Prior work from the Waddell group established that both hunger and thirst motivated resource seeking behaviours are under the control of the fly’s dopaminergic system (Krashes et al., 2009; Senapati et al., 2019), which is composed of about 200 neurons representing rewards and 10-fold fewer representing aversive things (Li et al., 2020). Their studies have shown that a key element of the deprivation-state specific control of the expression of food- and water-seeking memories is provided by neuropeptidergic inhibition of two particular types of aversive dopaminergic neurons (Krashes et al., 2009; Senapati et al., 2019). Using the dopaminergic system this way for motivational purpose raises the question of how the system retains the ability to signal aversion, when these neurons are inhibited to promote resource seeking.
In the new work led by postdoctoral fellow Eleonora Meschi, the group provide an answer to this question. Dr. Meschi discovered that endocrine release of the fly’s functional equivalent of glucagon, called adipokinetic hormone (AKH), compensates for the hunger-dependent suppression of aversive dopaminergic neuron activity, by facilitating the strength of input pathways that convey punitive information to these neurons.
Eleonora says, 'The project developed from my original and completely unexpected finding that hungry flies lacking glucagon/AKH had normal food-reinforced learning but poor shock-reinforced learning. By tracking AKH signalling from the bloodstream to the brain we discovered why this was the case. AKH regulates the activity of neural pathways that relay unpleasant signals, like painful shock and bitter taste, to dopaminergic neurons that write aversive memories.'
When hungry, flies release more AKH into their circulating haemolymph. Meschi demonstrated that AKH influences aversive learning behaviour by activating four large neurons in the base of the brain that express the AKH receptor. Interestingly, the cell bodies of these neurons reside outside of the glial covering of the brain, giving them direct access to the circulatory environment, and nutrient status, of the fly’s body. Using connectomics, research technician Georgia Dempsey and postdoctoral fellow Nils Otto, mapped the neurons downstream of the AKH response neurons, which revealed 135 neurons that could be clustered into 38 distinct neuronal types.

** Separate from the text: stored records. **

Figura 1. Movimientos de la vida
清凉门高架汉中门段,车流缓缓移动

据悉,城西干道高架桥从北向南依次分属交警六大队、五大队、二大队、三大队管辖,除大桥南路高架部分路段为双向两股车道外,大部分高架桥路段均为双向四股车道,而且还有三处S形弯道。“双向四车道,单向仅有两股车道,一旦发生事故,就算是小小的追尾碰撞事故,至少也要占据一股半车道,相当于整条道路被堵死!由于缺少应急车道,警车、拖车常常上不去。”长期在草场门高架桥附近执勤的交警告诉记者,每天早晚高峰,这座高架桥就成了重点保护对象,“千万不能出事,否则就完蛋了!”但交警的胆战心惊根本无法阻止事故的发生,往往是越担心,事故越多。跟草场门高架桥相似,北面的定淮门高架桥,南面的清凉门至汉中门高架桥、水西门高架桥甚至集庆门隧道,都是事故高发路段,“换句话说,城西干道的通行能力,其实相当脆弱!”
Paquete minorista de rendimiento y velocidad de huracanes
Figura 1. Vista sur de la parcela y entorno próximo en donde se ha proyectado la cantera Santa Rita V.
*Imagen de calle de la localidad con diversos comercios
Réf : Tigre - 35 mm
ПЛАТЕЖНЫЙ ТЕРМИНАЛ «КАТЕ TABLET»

Critically, these neurons project axons that ascend from the base of the brain to the top, where many of them were found to selectively synapse onto aversively reinforcing dopaminergic neurons.

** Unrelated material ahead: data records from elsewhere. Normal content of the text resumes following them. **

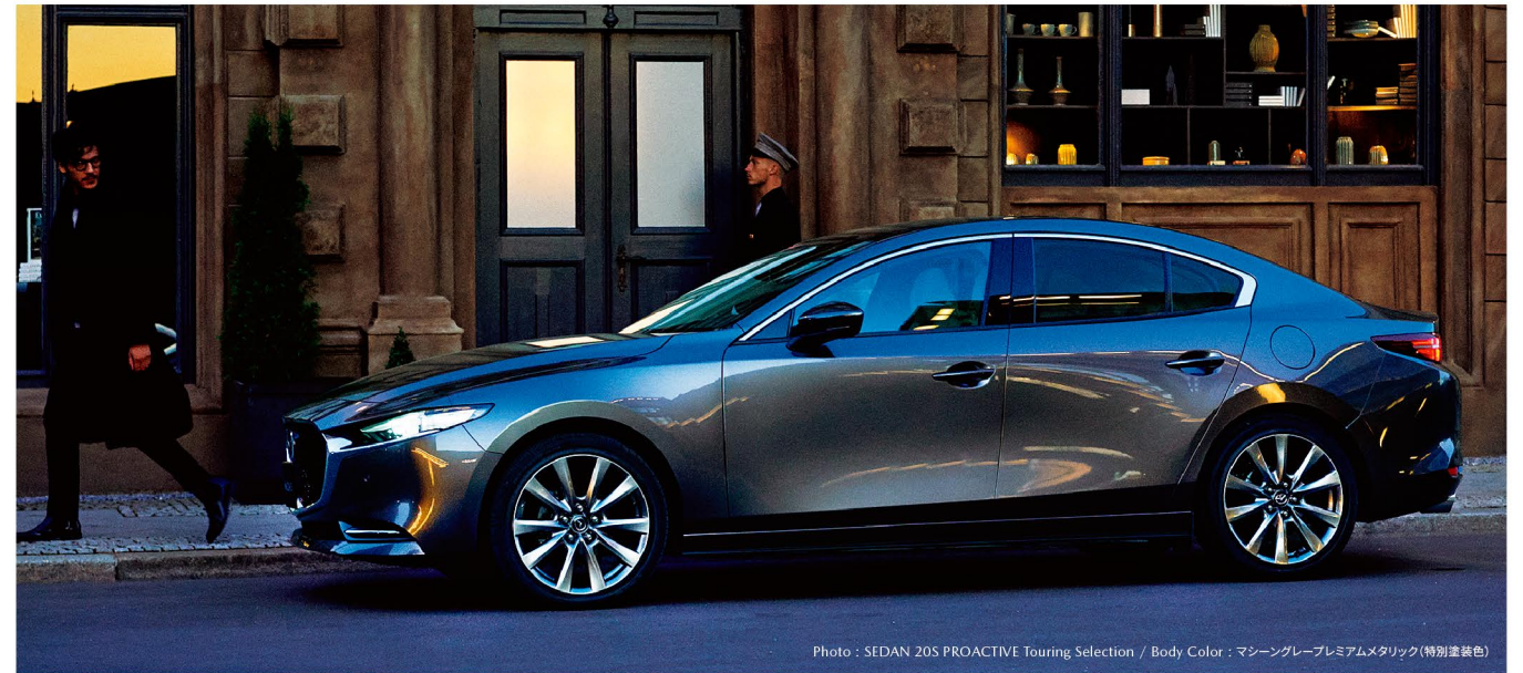
Photo: SEDAN 20S PROACTIVE Touring Selection / Body Color: マシングレープレミアムメタリック(特別塗装色)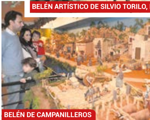
BELÉN DE CAMPANILLEROS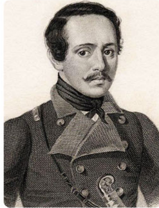
Михаил Юрьевич Лермонтов (1814–1841)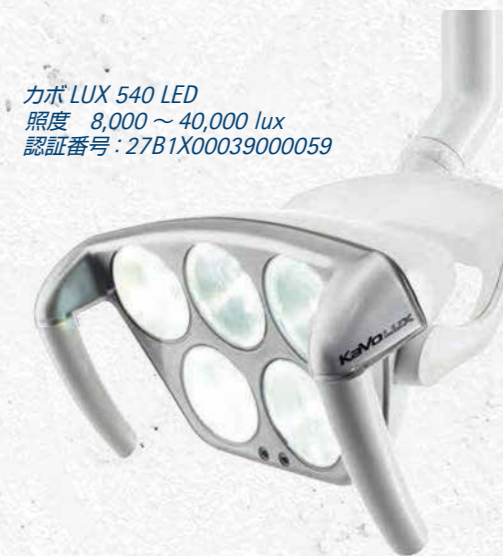
カボ LUX 540 LED 照度 8,000 ~ 40,000 lux 認証番号: 27B1X00039000059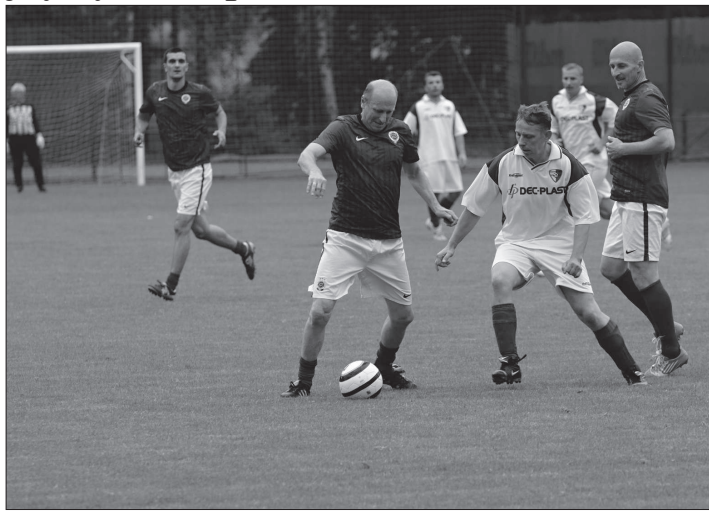
Vlčovický fotbal oslavil o prázdninách 80 let. V sobotu 13. července přilákalo pěkné počasí na tamní hřiště na 600 lidí, mezi nimiž byli i funkcionáři z fotbalového svazu. Na programu byly mimo jiné dva exhibiční zápasy. V zápase mužů podlehly Vlčovice MFK Frýdek-Místek 1:5 a v utkání starých gard porazili domácí vysloužilci se Spartou Praha 3:9.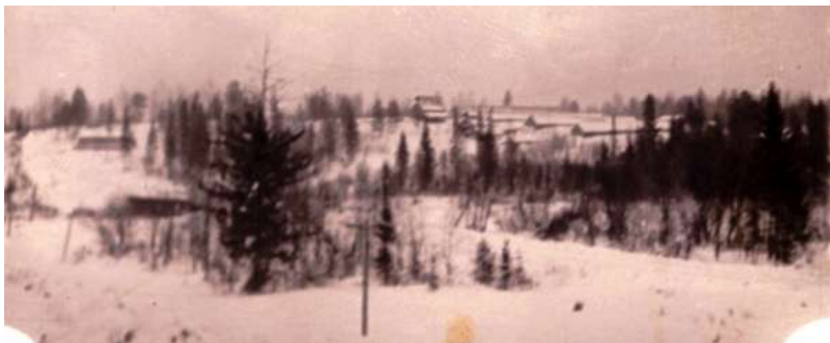
Фото кирпичного завода в селе Бельское. Видны щитовые домики рабочих.

Дутлова Кристина: Вокзал начали строить в 1963 году. Закончили в 1965 году. Здание строили из кирпича. В районе села Бельское работал свой кирпичный завод. Первым начальником станции был Григорьев.

With DPhil student Lucille Duquenoy, Dr. Meschi used live-imaging of a transgenic fluorescent dopamine sensor to show that hunger increased the shock-evoked release of dopamine from the aversive dopaminergic neurons and that this facilitation required AKH signalling. Further genetic experiments established that AKH signalling directs modulation of the ascending neurons so that they more efficiently relay punitive information, such as electric shock and bitter taste, from the periphery to the aversive dopamine neurons that are required for aversive learning.

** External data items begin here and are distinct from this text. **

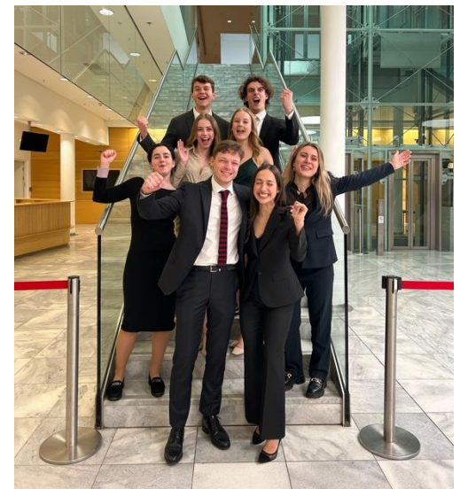
Closing Ceremony in Wien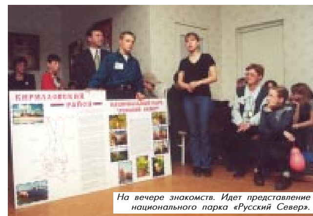
На вечерах знакомств. Идет представление национального парка «Русский Север».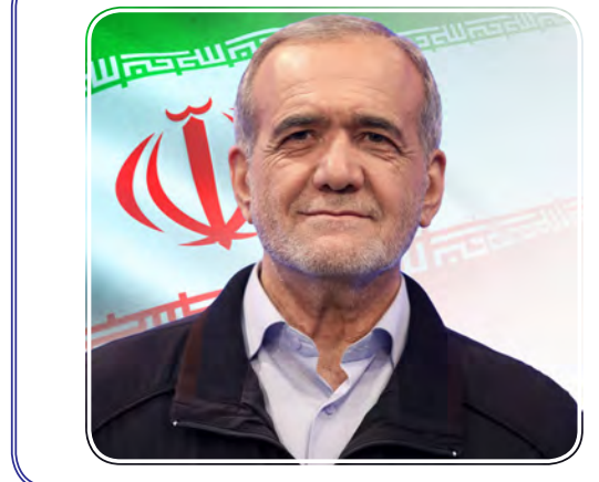
وی اضافه کرد: با توجه به این‌که در مراسم تحلیف مهمان‌های داخلی و خارجی حضور خواهند داشت، لذا مراسم تحلیف رئیس جمهور منتخب احتمالاً نیمه اول مردادماه در مجلس شورای اسلامی برگزار خواهد شد.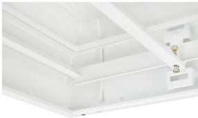
Messrohr innen zur Probenahme für Partikelmessung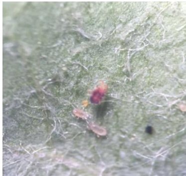
图 9-6 山楂红蜘蛛（红）和捕食螨（白）

Lucille comments, 'I have been using the new genetically-encoded GRAB dopamine sensors from Yulong Li's group to measure stimulus-evoked dopamine release from specific neurons in the fly brain. With Eleonora, I found that electric shocks produce more dopamine release from aversive neurons if the flies are chronically hungry and that shock-triggered dopamine release was greatly reduced in flies with no AKH signalling.'
In the published paper the Waddell group note that similar mechanisms may exist in the mammalian brain, between nutrient-responsive neurons in the hypothalamus, and neurons that project from there to dopaminergic neurons in the ventral tegmental area.